PROBLEM DESCRIPTION: When writing out the listing below, reproduce every word exactly and skip the pictures.

STORED DATA:
---------------
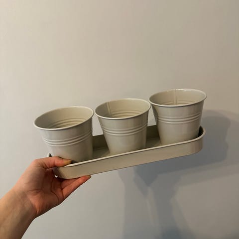 Pent brukt base for blomsterpotter til salgs. I plastikk men med "lærlook" med søm og tilhørende metallknapp (se bilder). Rustikk look.
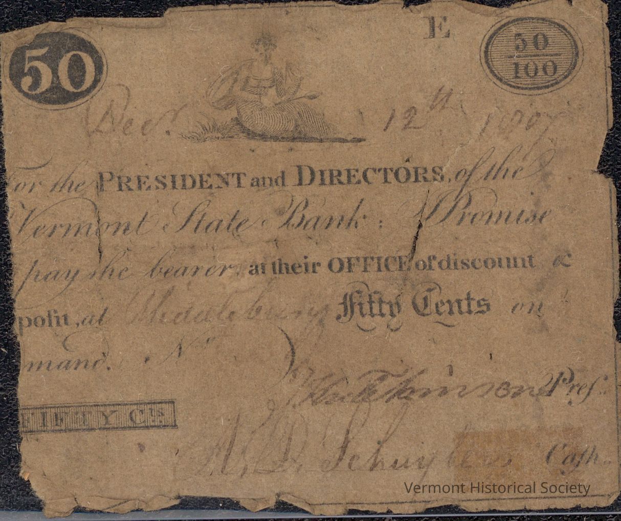Private bank not for 50 cents from Vermont State Bank in Middlebury. It is dated December 12th, 1807.
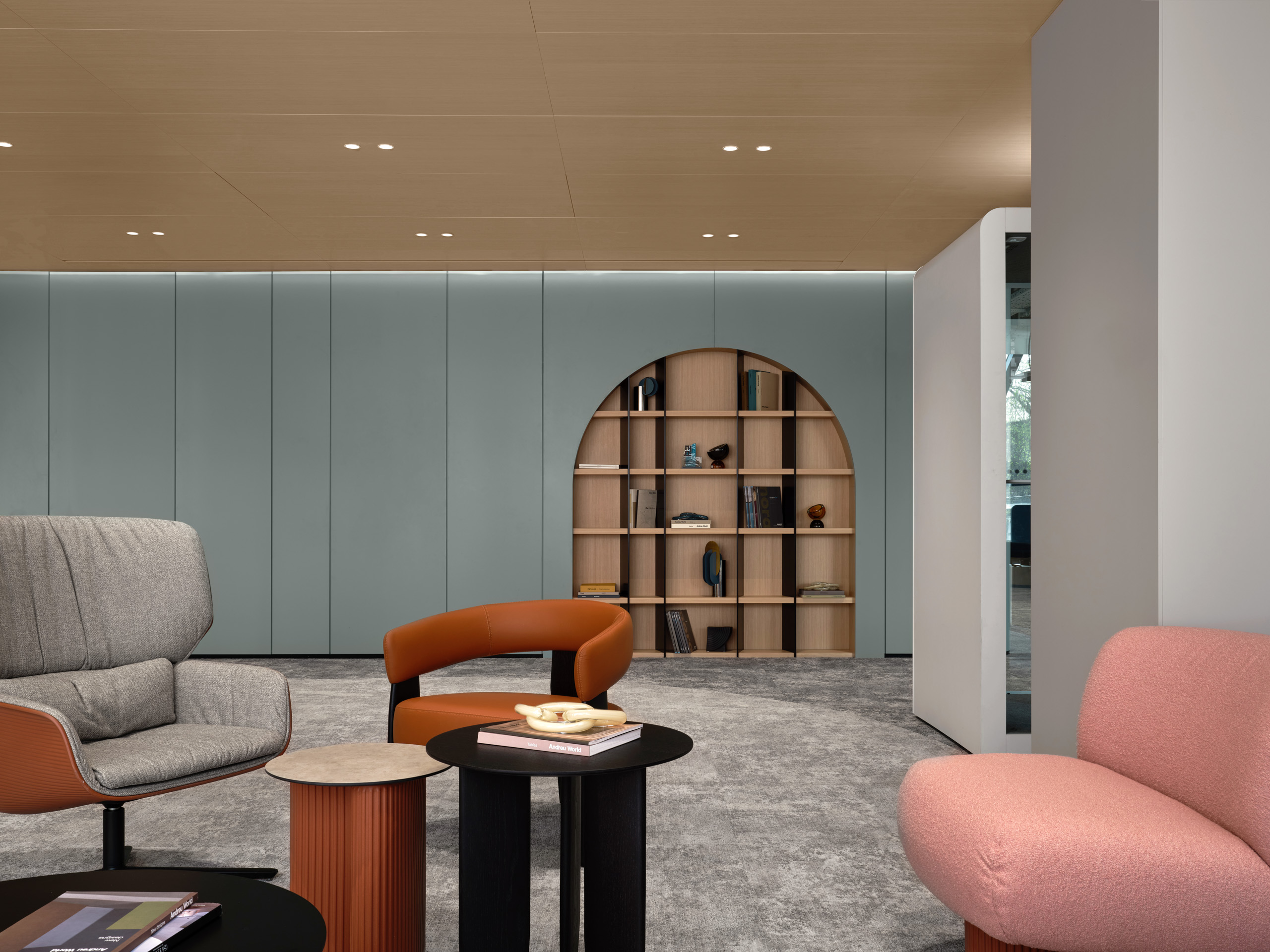 Первое впечатление формируется с ресепшн-зоны — светлого пространства с выразительной отделкой потолка из дерева, встроенными акцентными светильниками разного диаметра и комфортной бизнес-гостиной. Панорамное остекление и кофе-пойнт вдоль окна приглашают к неформальному общению, работе и переговорам.
---------------
ANSWER TO THIS TASK:
 Pent brukt base for blomsterpotter til salgs. I plastikk men med "lærlook" med søm og tilhørende metallknapp (se bilder). Rustikk look.
Private bank not for 50 cents from Vermont State Bank in Middlebury. It is dated December 12th, 1807.
 Первое впечатление формируется с ресепшн-зоны — светлого пространства с выразительной отделкой потолка из дерева, встроенными акцентными светильниками разного диаметра и комфортной бизнес-гостиной. Панорамное остекление и кофе-пойнт вдоль окна приглашают к неформальному общению, работе и переговорам.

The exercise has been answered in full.